Por Magno Martins Afogados da Ingazeira, minha terra natal, estava devendo, há muito tempo, uma homenagem a um homem simples, que nasceu na roça e da roça viu seu pai, com as mãos calejadas, rosto enrugado, tirar o sustento para manter uma família que a advocacia, nobre missão dos grandes homens, bateu como destino: José […]
Afogados da Ingazeira, minha terra natal, estava devendo, há muito tempo, uma homenagem a um homem simples, que nasceu na roça e da roça viu seu pai, com as mãos calejadas, rosto enrugado, tirar o sustento para manter uma família que a advocacia, nobre missão dos grandes homens, bateu como destino: José Virgínio Nogueira, pai dos meus amigos Alberto e Cláudio Jean, desembargadores do Tribunal de Justiça de Pernambuco.
Doutor José Virgínio, juiz de Direito aposentado, arrastado para o mundo celestial pelo sopro divino em 2006, passa a ser eternizado, hoje, com a aposição do seu nome à placa do prédio do Fórum Eleitoral de sua pátria, que tanto amou, num ato com a presença do presidente do Tribunal Regional Eleitoral, desembargador Antônio Carlos Alves da Silva. Ilustres de toga, entre os quais seus dois filhos, dividirão a emoção com conterrâneos de um homem que amou e defendeu a sua gente nos tribunais.

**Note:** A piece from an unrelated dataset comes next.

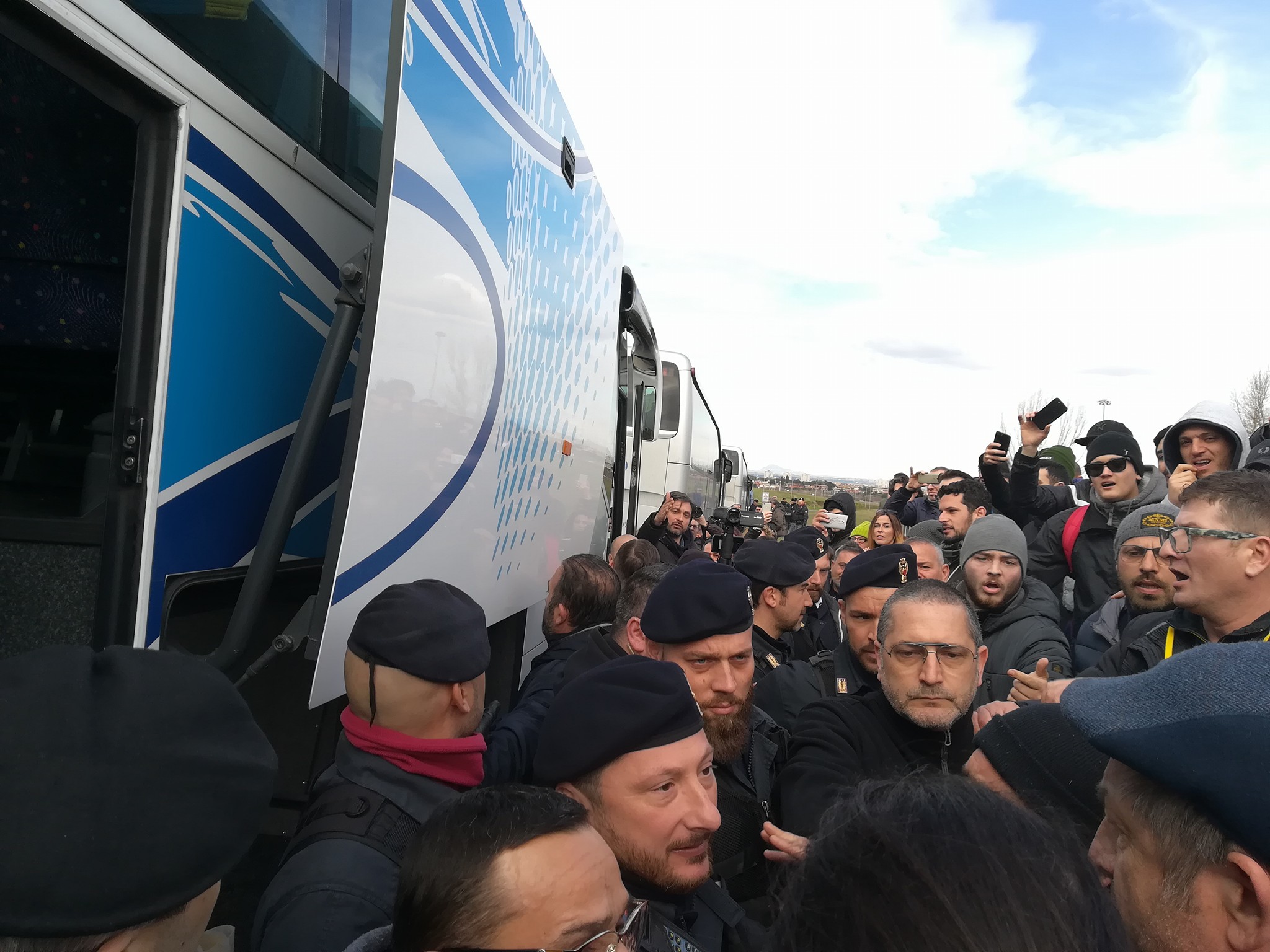 Sui mezzi fermati c’erano, oltre a consiglieri e presidenti di Municipalità, anche il vice sindaco Raffaele del Giudice e l’assessore alle Politiche Giovanili Alessandra Clemente. I bus sono stati fermati, secondo quanto si apprende, all’uscita di Roma Sud. “Siamo stati fermati tre, volte – dice Poggiani all’Ansa – abbiamo subito anche perquisizioni personali, non risparmiate neanche alla moglie del sindaco, Maria Teresa Dolce, che stava viaggiando con noi”.

O valor dos grandes homens mede-se pela importância dos serviços prestados à humanidade. Antes de ingressar no mundo Judiciário, o homenageado foi comerciário, viveu neste segmento o auge da mamona e do algodão, o ouro branco do Nordeste, como dizia Luiz Gonzaga. Após a conclusão do curso de Contabilidade, trabalhou na Cagep, a Companhia de Armazéns Gerais do Estado. Mais tarde, acadêmico de Direito, virou professor com uma missão jesuítica, abrindo mentes e corações com o seu saber.
Na comarca de sua terra, virou referência e foi reverenciado no mundo jurídico, sendo um dos grandes notáveis em juris que entraram para a história da região. O valor das coisas não está no tempo que elas duram, mas na intensidade com que acontecem. Por viver de forma tão intensa, o mestre teve seus méritos reconhecidos mais tarde pelo povo, elegendo-se vereador.
Embora vocacionado para servir sem servir-se do cargo, José Virgínio sabia que seu destino estava no Direito e não na tribuna popular. Em 1970, sua dedicação aos estudos e o seu talento o transformaram em Juiz, fazendo sua estreia na Comarca de Aroeiras, na Paraíba, Estado que fixou residência por muito tempo em Campina Grande. Como Juiz de Direito passou pelas comarcas também de Queimadas, Umbuzeiro, Souza e Guarabira, além de juiz titular da 1ª Vara da Fazenda Pública de Campina Grande, cidade que o adotou como filho.
Se existem pessoas incomparáveis, José Virgínio é uma delas, que entram em nossa vida por acaso, mas não é por acaso que permanecem em nossa lembrança. Já li em algum lugar que as únicas pessoas que nunca fracassam são as que nunca tentam. Não foi o seu caso. Que o digam aqueles que com ele conviveram, como o meu pai Gastão Cerquinha.
Ao ser informado da homenagem, que engrandece Afogados da Ingazeira e envaidece sua gente, fiquei a matutar: cada pessoa que passa em nossa vida é única e nenhuma substitui a outra. Cada pessoa que passa em nossa vida passa sozinha e não nos deixa só porque deixa um pouco de si e leva um pouquinho de nós. Essa é a mais bela responsabilidade da vida e a prova de que as pessoas que conheceram José Virgínio e sua doçura não se encontraram com ele por acaso.
José Virgínio prestou grandes e relevantes serviços a sua terra, a Paraíba, a Pernambuco, ao Nordeste e ao País como educador, político do povo, advogado defensor dos oprimidos e sem voz, juiz justo. Sua lição de vida faz lembrar o insubstituível Charles Chaplin, que dizia que a vida é maravilhosa se não se tem medo dela.
O novo prédio do Tribunal Regional Eleitoral de Afogados da Ingazeira ganha o nome de um homem que nunca teve medo de nada, a não ser dos castigos de Deus. Altivo, correto e justo. Na vida, conhecemos pessoas que vêm e que ficam. Outras que vêm e passam. Existem aquelas que vêm, ficam e depois de algum tempo se vão. Mas existem aquelas que vêm e se vão com uma enorme vontade de ficar. José Virgínio Nogueira era uma delas.